Right Back Where it Started From

Oh yeah. In fact, the Chicago has done it before. If the river does reverse course, it won’t be running backwards so much as running forwards again. 

When Europeans first settled in the Chicago area, the river drained into Lake Michigan, which was fine—except that settlers used the river to dump waste, and used the lake for drinking water. As the city grew, there were numerous outbreaks of typhoid and cholera because of contaminated drinking water, and something had to be done. 

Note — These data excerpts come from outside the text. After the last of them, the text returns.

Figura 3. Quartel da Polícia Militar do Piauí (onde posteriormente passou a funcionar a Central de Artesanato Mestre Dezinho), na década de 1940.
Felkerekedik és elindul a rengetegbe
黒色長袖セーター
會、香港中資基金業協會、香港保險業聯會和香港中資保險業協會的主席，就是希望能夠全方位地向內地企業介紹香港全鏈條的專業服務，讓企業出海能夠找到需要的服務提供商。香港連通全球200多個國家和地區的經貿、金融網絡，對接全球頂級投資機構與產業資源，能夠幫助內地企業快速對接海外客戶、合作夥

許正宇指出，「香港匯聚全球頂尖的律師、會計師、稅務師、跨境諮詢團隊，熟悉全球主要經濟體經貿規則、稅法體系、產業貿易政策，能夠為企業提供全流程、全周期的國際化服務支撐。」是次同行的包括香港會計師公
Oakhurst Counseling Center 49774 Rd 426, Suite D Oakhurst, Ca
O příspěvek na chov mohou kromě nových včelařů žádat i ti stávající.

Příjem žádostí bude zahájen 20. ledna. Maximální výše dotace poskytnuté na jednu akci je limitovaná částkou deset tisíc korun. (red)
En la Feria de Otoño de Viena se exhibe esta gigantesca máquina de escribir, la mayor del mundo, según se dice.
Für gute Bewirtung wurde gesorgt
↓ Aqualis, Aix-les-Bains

In the late 1800s, the city decided to solve their problem with an ambitious engineering feat: They would reverse the flow of the river and send it away from the lake and towards the Mississippi River. The so-called “Chicago Diversion” worked: It not only diverted contaminated water away from the city’s drinking water, but also connected the Great Lakes and Mississippi River water systems and opened up the possibility of commercial travel and trade between them. 

It hasn't been just barges and haulers that could cross from one system to the other, though. Invasive Asian carp, introduced decades ago to southern fish farms as pond cleaners, have gradually made their way north, threatening native species and altering food webs as they go. With the fish nearing the Great Lakes, the idea of un-reversing (re-reversing?) the Chicago River has been kicked around, but now it looks like the river could take care of the problem itself. 

All Shook Up

The most famous of American Rivers, the mighty Mississippi, also might have gone backwards more than once. In 1811 and 1812, three earthquakes—the most powerful to ever hit the eastern U.S.—struck what was then a sparsely populated area of the Louisiana Territory. 

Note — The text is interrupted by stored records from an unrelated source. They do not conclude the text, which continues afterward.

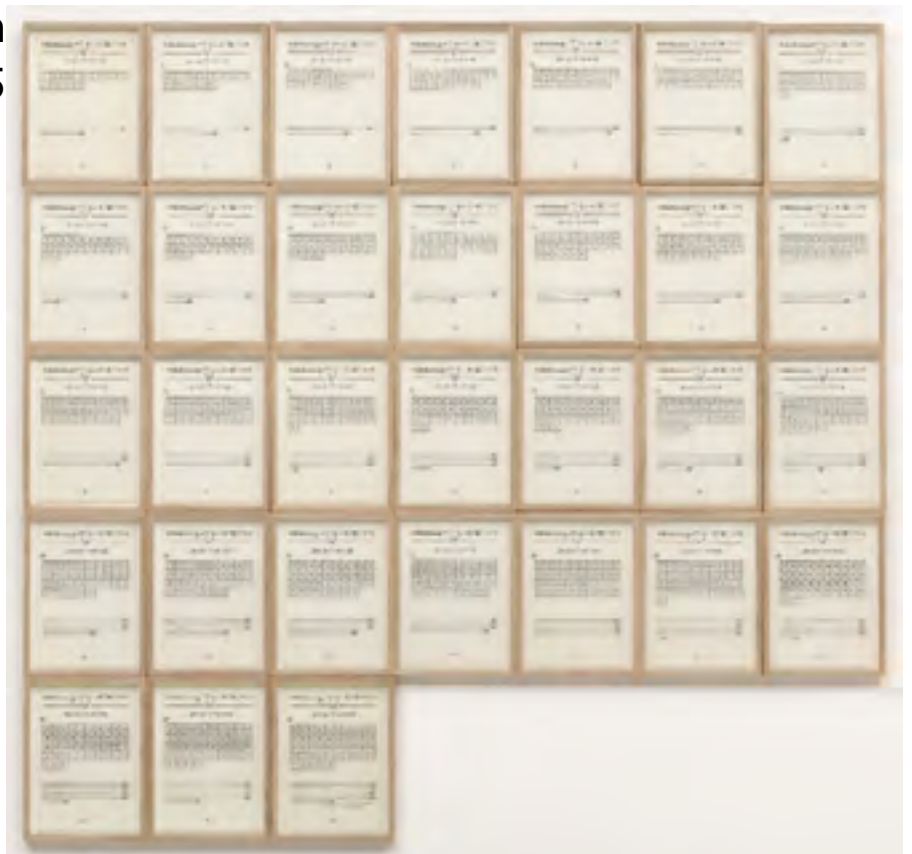
Hanne Darboven Month III, 1975
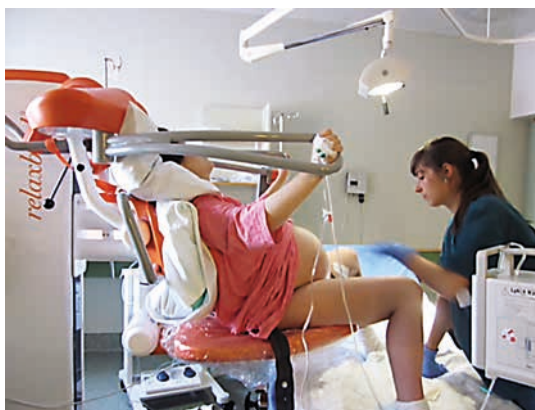
Figur 1. Förlossningsstol. Notera moderns och barnmorskans ställning.
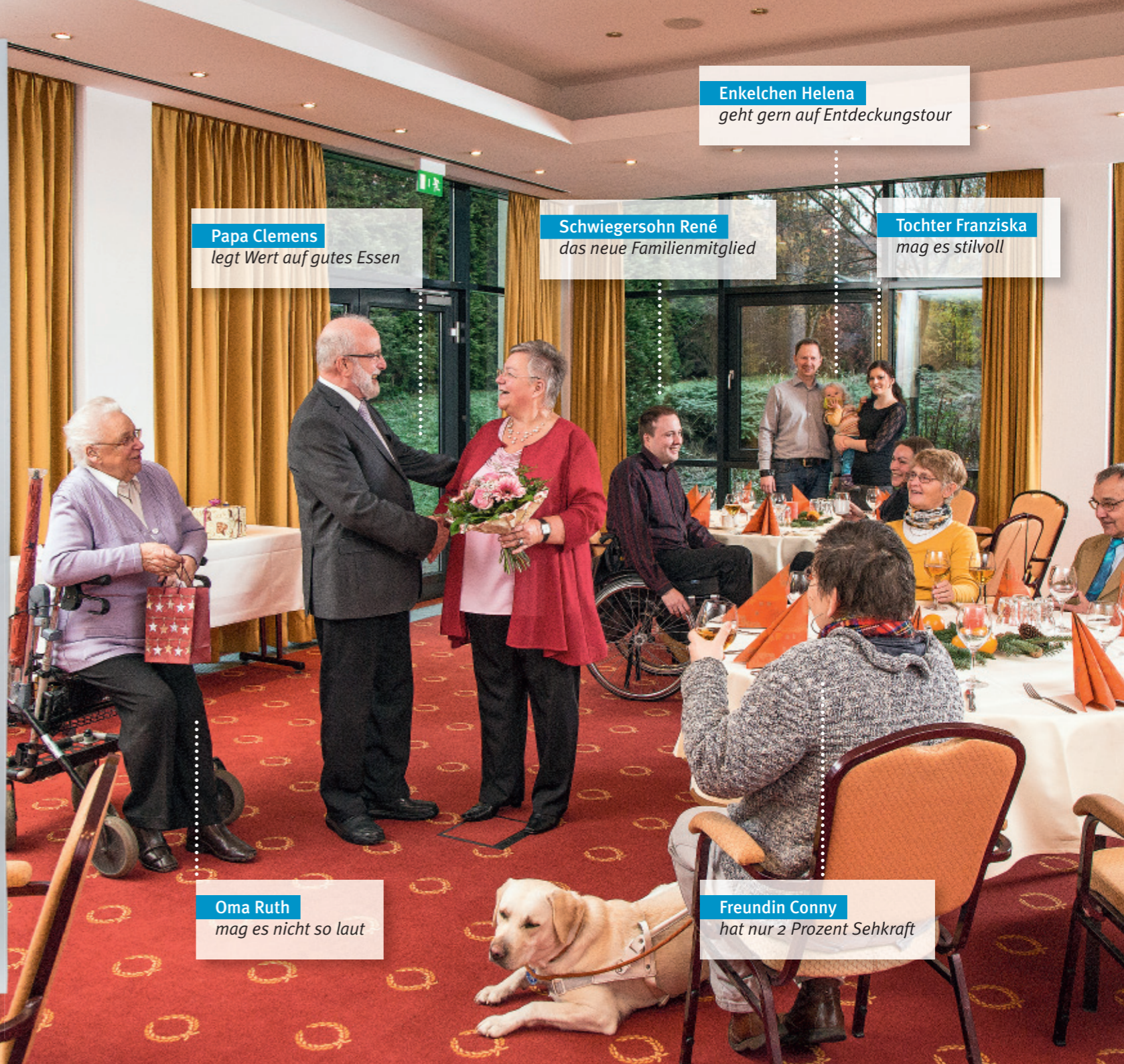
Papa Clemens legt Wert auf gutes Essen

Eyewitness accounts from the quake read like Michael Bay scripts: The ground rippled and quivered; chasms opened up and swallowed livestock and wagons; sand and dirt exploded from the ground like volcanic eruptions and blotted out the sun; the Mississippi shook with such violence that the water ran backwards and boats were dragged upstream. 

One boatman, wanting to get away from the trees falling over on the river banks, put his boat out into the middle of the river and soon found, he claimed, that “the current changed, and the boat hurried up, for about the space of a minute, with the velocity of the swiftest horse,” fast enough that he had to hold on to his hat to keep it on his head. 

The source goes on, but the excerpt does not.